Diets in Review - Find the Right Diet for You

whole grain



9 New (Yet Very Old!) Gluten-Free Grains

amaranth

Whether you’re going gluten-free and need a change of pace from quinoa and potatoes, or you’re just looking to add more nutrient-dense grains to your dinner routine, you’ve got more options than you may have thought! Here are nine new-to-you (yet very old!) options you’ve probably never heard of or tried. They are certainly worth becoming more familiar!

1. Amaranth

Aztecs ate amaranth for thousands of years–and for good reason! One cup of cooked amaranth has 9 grams of protein and 29% of your daily iron.

How to Eat It: Boil one cup grains in 6 cups water for 40 minutes, then drain off excess water.

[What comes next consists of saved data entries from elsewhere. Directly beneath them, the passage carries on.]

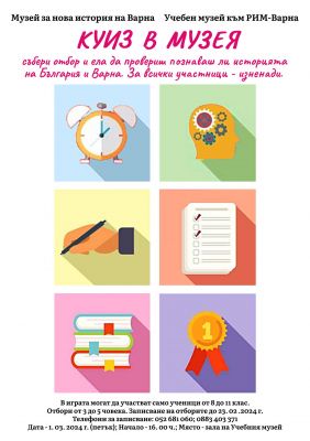 Дата на събитието: 1 март 2024 г. (петък). Начален час: 16:00 ч. Място: залата на Учебен музей при РИМ-Варна. Заповядайте!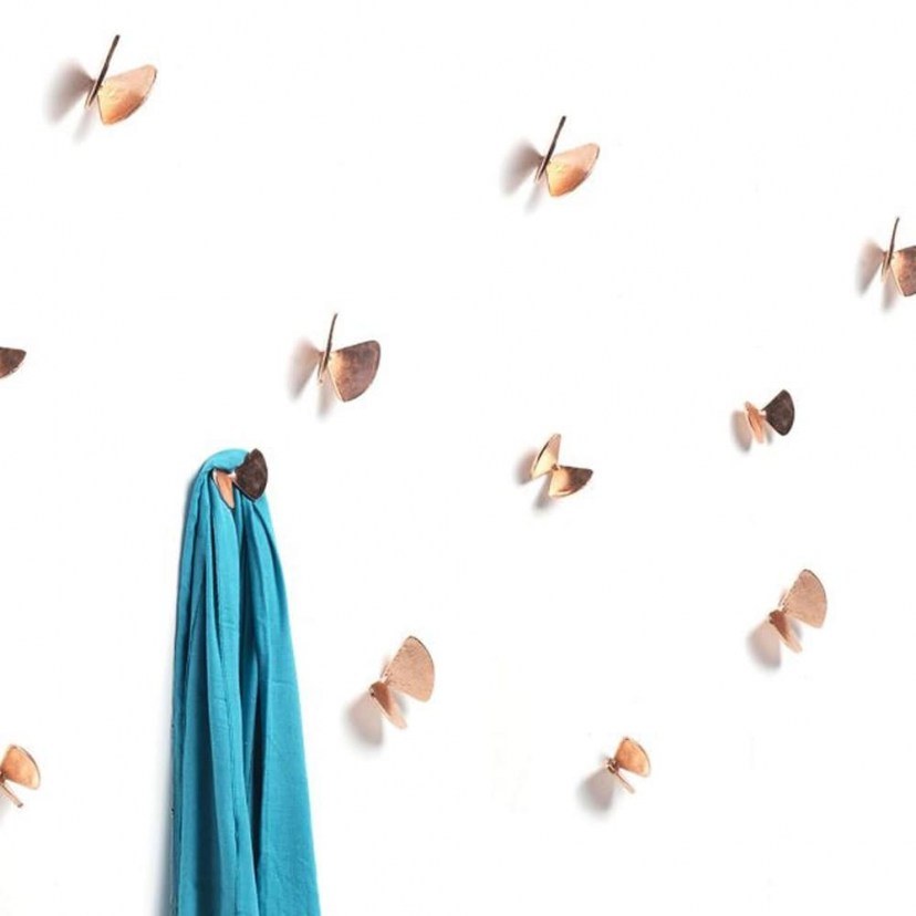 The Decorative Butterfly Set - Wall Hangers Bice MBI21 Mix Finishes is a set of 6 butterflies that are placed on the wall. They are designed by the famous Roberto Mora and made of copper. They are available in different sizes and finishes. They can be mounted on walls and used as decorations as well as hangers. Quality: Metal. Dimensions: 6 Butterflies: Length: 5 cm, Width: 4 cm, Height: 5 cm/Length: 8 cm, Width: 6 cm, Height: 8 cm.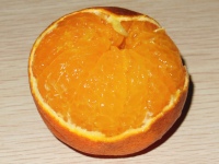美味しいが、渋皮の無いミカン 甘皮を剥くと果実なので驚く |

Use it in tabouli salad instead of bulgur, or with bananas and cinnamon as an alternative to oatmeal.

2. Buckwheat

Believe it or not, there is no wheat found in buckwheat. It’s actually a fruit seed originally from China. Kasha is the roasted kernel form that we eat. One cooked cup has only 155 calories, 1 gram of fat, and 5 grams of fiber to keep you feeling full.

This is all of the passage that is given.